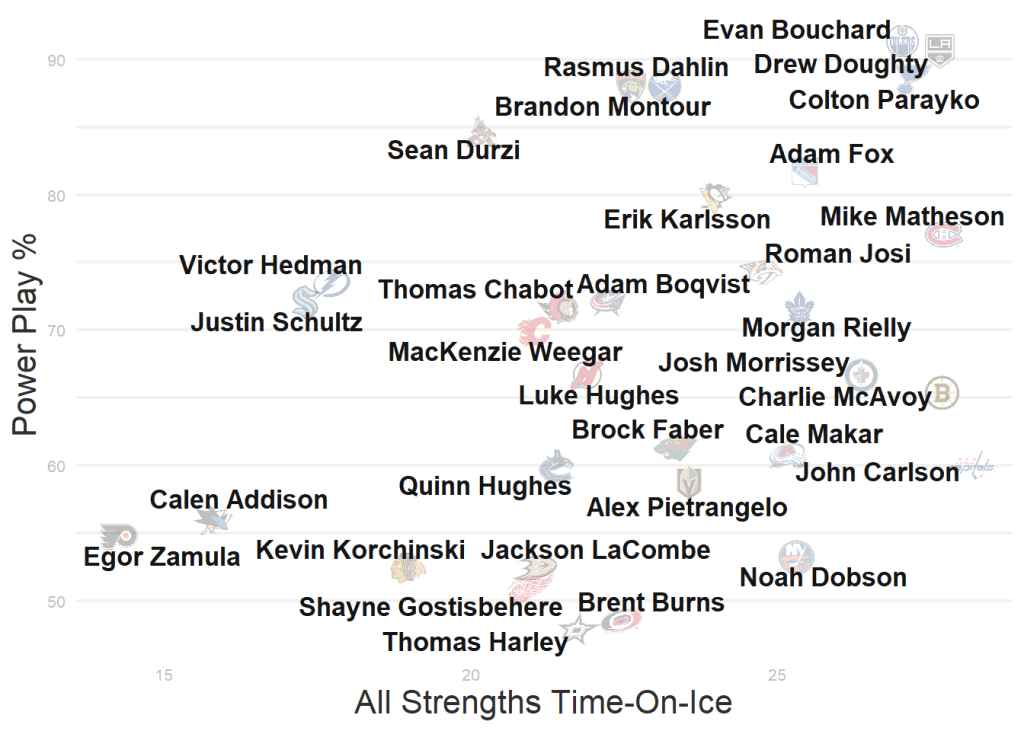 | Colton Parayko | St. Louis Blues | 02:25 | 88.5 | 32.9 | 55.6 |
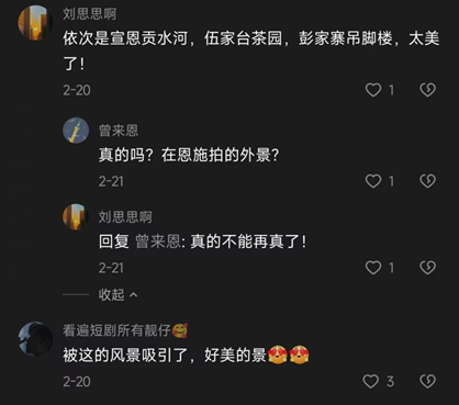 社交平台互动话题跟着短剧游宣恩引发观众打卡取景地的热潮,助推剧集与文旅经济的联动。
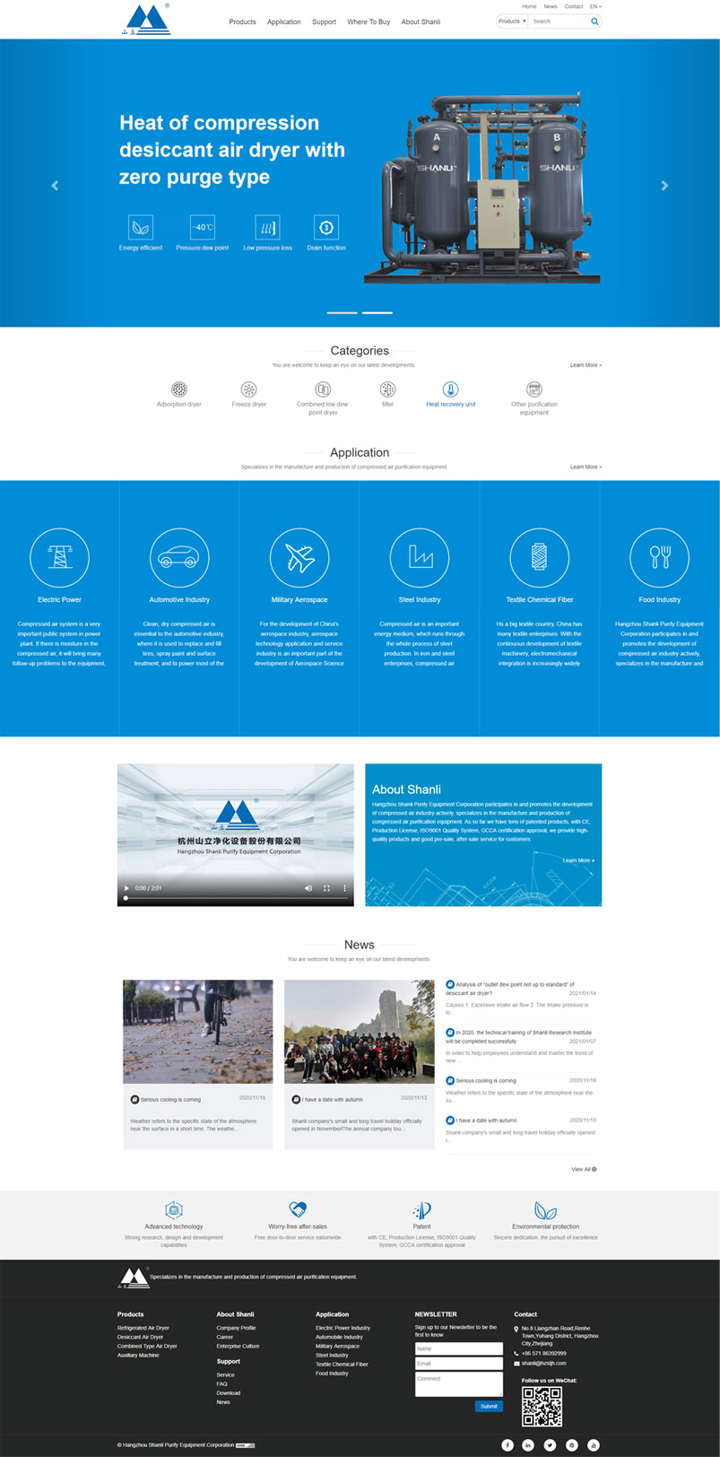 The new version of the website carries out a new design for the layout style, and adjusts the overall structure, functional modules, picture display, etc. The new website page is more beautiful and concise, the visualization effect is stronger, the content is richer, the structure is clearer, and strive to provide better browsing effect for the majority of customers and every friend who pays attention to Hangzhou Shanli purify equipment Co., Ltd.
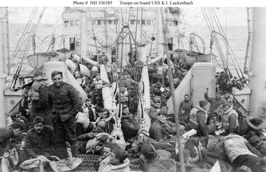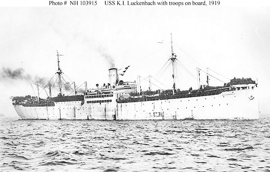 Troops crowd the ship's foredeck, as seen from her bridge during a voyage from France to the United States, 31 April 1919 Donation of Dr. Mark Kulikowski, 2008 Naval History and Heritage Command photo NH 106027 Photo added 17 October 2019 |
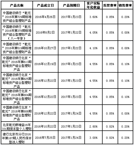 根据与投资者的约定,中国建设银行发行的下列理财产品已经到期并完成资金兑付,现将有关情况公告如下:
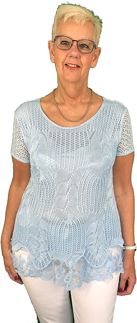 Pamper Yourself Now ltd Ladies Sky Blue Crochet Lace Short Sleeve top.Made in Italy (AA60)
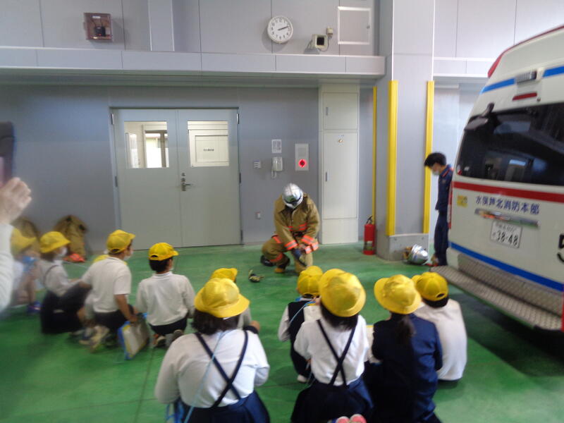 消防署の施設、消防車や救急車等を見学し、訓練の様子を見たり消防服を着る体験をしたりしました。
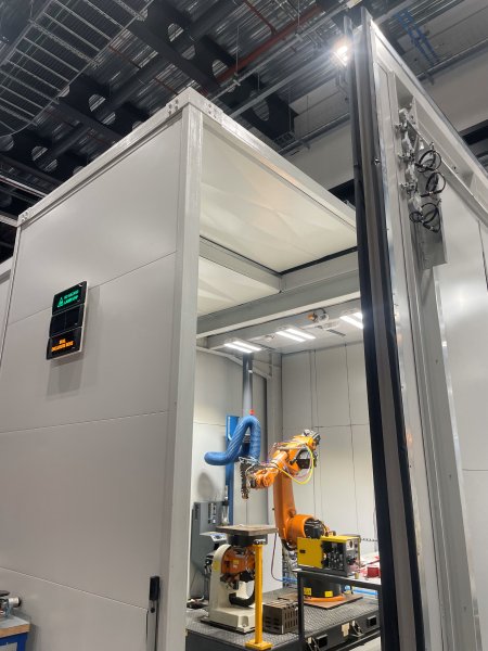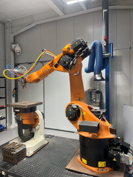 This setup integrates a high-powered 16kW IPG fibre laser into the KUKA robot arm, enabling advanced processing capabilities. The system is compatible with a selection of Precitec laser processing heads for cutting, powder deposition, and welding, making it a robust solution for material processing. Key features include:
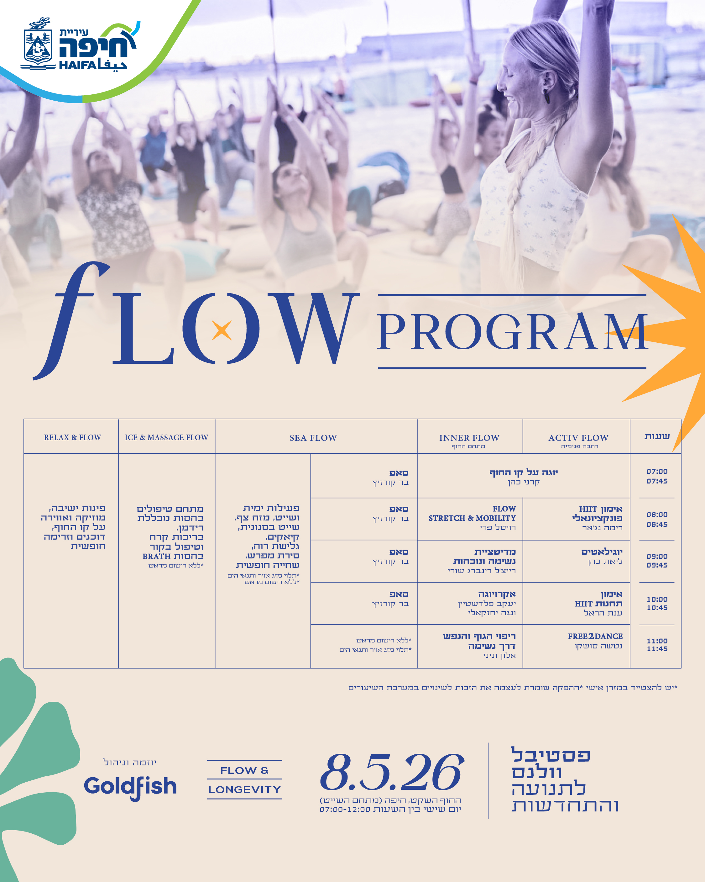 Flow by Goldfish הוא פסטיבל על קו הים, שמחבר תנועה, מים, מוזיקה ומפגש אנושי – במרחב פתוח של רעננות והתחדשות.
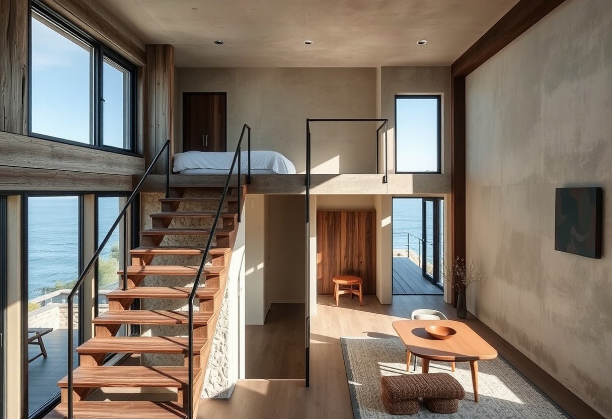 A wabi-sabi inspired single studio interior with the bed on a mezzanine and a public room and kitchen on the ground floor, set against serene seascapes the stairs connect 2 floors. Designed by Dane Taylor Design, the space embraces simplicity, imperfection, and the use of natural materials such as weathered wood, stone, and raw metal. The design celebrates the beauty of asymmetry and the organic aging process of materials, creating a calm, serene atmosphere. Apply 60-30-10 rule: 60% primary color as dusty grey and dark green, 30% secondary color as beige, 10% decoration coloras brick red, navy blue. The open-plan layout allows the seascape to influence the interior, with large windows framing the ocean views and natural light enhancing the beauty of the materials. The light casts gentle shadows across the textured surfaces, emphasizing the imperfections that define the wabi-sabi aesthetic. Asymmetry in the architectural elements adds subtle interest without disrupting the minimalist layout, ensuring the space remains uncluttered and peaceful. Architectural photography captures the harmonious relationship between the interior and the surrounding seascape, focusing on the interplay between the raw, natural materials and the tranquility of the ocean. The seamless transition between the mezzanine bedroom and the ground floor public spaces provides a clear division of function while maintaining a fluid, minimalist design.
---
▸ **Exercise brief**:
With the pictures removed, print the entries above exactly.

▸ **Answer area**:
 | Colton Parayko | St. Louis Blues | 02:25 | 88.5 | 32.9 | 55.6 |
 社交平台互动话题跟着短剧游宣恩引发观众打卡取景地的热潮,助推剧集与文旅经济的联动。
 The new version of the website carries out a new design for the layout style, and adjusts the overall structure, functional modules, picture display, etc. The new website page is more beautiful and concise, the visualization effect is stronger, the content is richer, the structure is clearer, and strive to provide better browsing effect for the majority of customers and every friend who pays attention to Hangzhou Shanli purify equipment Co., Ltd.
 Troops crowd the ship's foredeck, as seen from her bridge during a voyage from France to the United States, 31 April 1919 Donation of Dr. Mark Kulikowski, 2008 Naval History and Heritage Command photo NH 106027 Photo added 17 October 2019 |
 根据与投资者的约定,中国建设银行发行的下列理财产品已经到期并完成资金兑付,现将有关情况公告如下:
 Pamper Yourself Now ltd Ladies Sky Blue Crochet Lace Short Sleeve top.Made in Italy (AA60)
 消防署の施設、消防車や救急車等を見学し、訓練の様子を見たり消防服を着る体験をしたりしました。
 This setup integrates a high-powered 16kW IPG fibre laser into the KUKA robot arm, enabling advanced processing capabilities. The system is compatible with a selection of Precitec laser processing heads for cutting, powder deposition, and welding, making it a robust solution for material processing. Key features include:
 Flow by Goldfish הוא פסטיבל על קו הים, שמחבר תנועה, מים, מוזיקה ומפגש אנושי – במרחב פתוח של רעננות והתחדשות.
 A wabi-sabi inspired single studio interior with the bed on a mezzanine and a public room and kitchen on the ground floor, set against serene seascapes the stairs connect 2 floors. Designed by Dane Taylor Design, the space embraces simplicity, imperfection, and the use of natural materials such as weathered wood, stone, and raw metal. The design celebrates the beauty of asymmetry and the organic aging process of materials, creating a calm, serene atmosphere. Apply 60-30-10 rule: 60% primary color as dusty grey and dark green, 30% secondary color as beige, 10% decoration coloras brick red, navy blue. The open-plan layout allows the seascape to influence the interior, with large windows framing the ocean views and natural light enhancing the beauty of the materials. The light casts gentle shadows across the textured surfaces, emphasizing the imperfections that define the wabi-sabi aesthetic. Asymmetry in the architectural elements adds subtle interest without disrupting the minimalist layout, ensuring the space remains uncluttered and peaceful. Architectural photography captures the harmonious relationship between the interior and the surrounding seascape, focusing on the interplay between the raw, natural materials and the tranquility of the ocean. The seamless transition between the mezzanine bedroom and the ground floor public spaces provides a clear division of function while maintaining a fluid, minimalist design.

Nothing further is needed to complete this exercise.